### Directions
Your task is to copy the lines of the data below from the line holding "As seen in the" through the line holding "im gleichnamigen Bildband.", inclusive, exactly and with nothing added.

*** Entries shown ***

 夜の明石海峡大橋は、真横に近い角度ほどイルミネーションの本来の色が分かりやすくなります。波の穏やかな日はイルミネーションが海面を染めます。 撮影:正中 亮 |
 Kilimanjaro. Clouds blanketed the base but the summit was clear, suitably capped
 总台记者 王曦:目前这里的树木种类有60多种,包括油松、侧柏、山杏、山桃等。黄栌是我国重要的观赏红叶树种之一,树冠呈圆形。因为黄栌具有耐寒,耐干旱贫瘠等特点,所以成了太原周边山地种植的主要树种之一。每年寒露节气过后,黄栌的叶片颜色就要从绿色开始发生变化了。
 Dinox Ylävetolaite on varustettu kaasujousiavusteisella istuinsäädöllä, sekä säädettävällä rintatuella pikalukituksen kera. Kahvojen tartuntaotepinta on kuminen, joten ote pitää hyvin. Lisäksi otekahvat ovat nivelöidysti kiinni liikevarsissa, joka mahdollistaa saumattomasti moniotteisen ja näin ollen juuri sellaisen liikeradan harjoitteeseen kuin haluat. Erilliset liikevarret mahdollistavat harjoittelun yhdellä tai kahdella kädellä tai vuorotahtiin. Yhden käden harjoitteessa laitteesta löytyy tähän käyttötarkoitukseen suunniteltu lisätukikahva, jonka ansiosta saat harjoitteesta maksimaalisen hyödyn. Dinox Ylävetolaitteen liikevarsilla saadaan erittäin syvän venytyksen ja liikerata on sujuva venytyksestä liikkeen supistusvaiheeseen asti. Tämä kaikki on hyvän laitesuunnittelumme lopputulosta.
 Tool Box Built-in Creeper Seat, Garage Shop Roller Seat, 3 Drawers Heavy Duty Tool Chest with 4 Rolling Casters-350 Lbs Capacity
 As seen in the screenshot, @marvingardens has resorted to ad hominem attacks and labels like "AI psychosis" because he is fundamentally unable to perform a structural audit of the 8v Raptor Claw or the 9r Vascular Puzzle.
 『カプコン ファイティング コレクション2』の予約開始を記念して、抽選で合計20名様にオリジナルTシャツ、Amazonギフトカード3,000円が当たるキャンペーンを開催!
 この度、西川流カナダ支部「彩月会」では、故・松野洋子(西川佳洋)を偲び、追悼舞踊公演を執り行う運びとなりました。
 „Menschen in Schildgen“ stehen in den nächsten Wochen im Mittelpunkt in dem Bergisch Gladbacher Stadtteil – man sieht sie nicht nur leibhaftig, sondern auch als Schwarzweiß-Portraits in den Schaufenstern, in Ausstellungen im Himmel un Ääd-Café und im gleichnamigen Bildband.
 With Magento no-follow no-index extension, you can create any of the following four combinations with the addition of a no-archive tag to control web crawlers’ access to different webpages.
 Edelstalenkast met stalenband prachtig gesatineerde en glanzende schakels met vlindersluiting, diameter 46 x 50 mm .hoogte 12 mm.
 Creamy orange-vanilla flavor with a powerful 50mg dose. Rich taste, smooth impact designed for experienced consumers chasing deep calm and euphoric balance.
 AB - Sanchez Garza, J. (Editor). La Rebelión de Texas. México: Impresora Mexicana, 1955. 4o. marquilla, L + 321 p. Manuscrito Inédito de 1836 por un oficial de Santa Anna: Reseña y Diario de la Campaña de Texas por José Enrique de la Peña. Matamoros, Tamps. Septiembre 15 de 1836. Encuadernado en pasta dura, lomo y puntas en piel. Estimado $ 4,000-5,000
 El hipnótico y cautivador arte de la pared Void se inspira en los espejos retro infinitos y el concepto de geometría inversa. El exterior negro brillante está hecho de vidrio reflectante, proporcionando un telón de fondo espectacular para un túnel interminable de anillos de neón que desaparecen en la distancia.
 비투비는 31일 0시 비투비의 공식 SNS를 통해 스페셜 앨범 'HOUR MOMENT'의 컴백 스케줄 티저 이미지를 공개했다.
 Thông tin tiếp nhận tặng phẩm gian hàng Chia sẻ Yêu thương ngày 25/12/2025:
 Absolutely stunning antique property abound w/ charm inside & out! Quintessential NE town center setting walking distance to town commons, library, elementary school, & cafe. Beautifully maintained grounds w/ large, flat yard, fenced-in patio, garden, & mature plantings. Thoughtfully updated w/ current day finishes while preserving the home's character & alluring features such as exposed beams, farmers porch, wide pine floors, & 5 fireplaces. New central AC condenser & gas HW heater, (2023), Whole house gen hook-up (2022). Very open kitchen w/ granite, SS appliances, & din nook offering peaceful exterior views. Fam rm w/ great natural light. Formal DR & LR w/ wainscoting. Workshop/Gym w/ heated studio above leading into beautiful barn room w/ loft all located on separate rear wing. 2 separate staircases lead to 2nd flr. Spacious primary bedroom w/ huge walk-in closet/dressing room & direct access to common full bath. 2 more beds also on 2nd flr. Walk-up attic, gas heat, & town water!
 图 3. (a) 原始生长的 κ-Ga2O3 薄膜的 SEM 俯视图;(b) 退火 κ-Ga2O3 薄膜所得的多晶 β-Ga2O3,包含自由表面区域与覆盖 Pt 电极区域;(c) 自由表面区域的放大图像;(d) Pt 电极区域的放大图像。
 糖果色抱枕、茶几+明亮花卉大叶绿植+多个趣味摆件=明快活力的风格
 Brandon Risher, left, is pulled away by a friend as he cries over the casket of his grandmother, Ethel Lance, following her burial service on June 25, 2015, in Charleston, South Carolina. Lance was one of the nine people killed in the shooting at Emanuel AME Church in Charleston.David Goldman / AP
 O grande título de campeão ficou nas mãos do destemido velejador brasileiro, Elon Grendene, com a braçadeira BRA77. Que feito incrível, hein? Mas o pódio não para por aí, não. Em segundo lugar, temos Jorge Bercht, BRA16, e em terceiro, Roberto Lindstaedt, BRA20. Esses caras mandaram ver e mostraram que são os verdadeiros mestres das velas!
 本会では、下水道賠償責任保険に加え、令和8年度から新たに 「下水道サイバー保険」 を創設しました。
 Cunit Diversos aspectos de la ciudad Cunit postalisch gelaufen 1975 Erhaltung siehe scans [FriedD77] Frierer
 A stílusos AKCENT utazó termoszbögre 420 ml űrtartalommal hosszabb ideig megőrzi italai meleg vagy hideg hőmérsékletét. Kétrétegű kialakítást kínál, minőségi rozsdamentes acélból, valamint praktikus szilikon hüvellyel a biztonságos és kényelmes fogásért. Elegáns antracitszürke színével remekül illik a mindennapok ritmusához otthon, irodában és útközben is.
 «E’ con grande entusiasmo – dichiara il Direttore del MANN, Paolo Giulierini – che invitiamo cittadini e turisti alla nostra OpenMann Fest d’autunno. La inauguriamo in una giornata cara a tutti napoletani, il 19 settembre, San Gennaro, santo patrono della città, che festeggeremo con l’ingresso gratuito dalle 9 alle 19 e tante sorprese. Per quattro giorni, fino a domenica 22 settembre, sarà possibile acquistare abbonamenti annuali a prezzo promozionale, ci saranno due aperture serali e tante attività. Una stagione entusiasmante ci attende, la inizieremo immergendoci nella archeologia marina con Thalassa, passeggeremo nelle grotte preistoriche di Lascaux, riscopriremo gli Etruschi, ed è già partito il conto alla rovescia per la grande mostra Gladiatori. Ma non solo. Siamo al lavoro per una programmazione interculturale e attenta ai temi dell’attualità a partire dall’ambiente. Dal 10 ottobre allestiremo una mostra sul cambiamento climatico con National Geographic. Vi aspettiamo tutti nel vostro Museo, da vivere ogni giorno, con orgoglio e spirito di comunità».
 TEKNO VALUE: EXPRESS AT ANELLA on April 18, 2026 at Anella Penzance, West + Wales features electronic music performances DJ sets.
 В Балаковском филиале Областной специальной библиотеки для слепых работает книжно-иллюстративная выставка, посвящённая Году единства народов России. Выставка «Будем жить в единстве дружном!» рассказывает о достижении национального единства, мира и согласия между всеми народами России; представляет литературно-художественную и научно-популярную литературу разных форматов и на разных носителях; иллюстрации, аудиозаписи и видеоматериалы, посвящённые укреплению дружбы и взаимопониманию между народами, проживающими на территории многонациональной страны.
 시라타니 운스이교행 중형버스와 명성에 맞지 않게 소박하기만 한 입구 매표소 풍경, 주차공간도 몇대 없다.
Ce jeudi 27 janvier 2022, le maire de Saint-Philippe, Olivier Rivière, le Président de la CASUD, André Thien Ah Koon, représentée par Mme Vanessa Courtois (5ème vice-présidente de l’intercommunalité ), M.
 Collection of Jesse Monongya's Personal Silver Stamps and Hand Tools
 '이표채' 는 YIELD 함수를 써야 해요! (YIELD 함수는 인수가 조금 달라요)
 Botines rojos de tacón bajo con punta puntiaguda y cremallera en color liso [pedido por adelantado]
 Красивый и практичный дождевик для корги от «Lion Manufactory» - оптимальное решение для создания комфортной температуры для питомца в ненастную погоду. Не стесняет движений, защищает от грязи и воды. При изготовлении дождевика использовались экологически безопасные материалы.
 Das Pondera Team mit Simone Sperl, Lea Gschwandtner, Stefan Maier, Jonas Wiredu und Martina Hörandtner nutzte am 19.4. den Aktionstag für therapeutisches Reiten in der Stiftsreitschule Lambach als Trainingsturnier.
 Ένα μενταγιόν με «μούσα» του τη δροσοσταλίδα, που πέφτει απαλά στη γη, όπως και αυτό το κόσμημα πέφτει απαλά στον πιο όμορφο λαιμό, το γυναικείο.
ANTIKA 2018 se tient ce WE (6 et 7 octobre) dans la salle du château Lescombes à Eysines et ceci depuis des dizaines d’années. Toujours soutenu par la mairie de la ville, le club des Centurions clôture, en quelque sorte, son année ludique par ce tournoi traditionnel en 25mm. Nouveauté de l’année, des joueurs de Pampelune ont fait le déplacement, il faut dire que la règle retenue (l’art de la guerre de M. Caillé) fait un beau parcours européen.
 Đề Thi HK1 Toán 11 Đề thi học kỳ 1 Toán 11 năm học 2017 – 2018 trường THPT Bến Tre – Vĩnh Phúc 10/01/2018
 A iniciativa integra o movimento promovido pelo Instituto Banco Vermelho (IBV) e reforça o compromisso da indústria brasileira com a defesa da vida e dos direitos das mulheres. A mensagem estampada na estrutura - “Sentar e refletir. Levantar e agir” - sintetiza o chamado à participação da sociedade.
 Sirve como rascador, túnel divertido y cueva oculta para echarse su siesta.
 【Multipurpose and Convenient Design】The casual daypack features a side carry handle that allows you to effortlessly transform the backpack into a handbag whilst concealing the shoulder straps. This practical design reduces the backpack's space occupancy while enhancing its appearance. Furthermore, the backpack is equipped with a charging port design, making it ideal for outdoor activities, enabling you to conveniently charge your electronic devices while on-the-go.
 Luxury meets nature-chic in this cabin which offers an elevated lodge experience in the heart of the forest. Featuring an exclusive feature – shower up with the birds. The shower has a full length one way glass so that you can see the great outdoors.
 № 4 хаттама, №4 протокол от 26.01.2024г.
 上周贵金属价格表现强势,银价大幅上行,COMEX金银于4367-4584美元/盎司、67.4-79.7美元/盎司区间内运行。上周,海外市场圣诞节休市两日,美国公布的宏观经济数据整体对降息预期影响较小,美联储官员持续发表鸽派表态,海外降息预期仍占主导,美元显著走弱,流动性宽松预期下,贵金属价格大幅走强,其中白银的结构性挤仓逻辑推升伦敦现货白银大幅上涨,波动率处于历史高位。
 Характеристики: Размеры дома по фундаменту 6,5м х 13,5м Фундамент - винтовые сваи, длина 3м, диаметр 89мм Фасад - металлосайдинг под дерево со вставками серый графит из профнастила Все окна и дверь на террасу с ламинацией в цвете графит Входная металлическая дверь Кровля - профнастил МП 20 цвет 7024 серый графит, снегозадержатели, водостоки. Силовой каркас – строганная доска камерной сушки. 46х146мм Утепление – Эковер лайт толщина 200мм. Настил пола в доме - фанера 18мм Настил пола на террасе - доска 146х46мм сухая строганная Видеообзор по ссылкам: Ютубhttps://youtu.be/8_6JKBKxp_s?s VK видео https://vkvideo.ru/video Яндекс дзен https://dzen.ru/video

*** End of Entries shown ***

### Reply
 As seen in the screenshot, @marvingardens has resorted to ad hominem attacks and labels like "AI psychosis" because he is fundamentally unable to perform a structural audit of the 8v Raptor Claw or the 9r Vascular Puzzle.
 『カプコン ファイティング コレクション2』の予約開始を記念して、抽選で合計20名様にオリジナルTシャツ、Amazonギフトカード3,000円が当たるキャンペーンを開催!
 この度、西川流カナダ支部「彩月会」では、故・松野洋子(西川佳洋)を偲び、追悼舞踊公演を執り行う運びとなりました。
 „Menschen in Schildgen“ stehen in den nächsten Wochen im Mittelpunkt in dem Bergisch Gladbacher Stadtteil – man sieht sie nicht nur leibhaftig, sondern auch als Schwarzweiß-Portraits in den Schaufenstern, in Ausstellungen im Himmel un Ääd-Café und im gleichnamigen Bildband.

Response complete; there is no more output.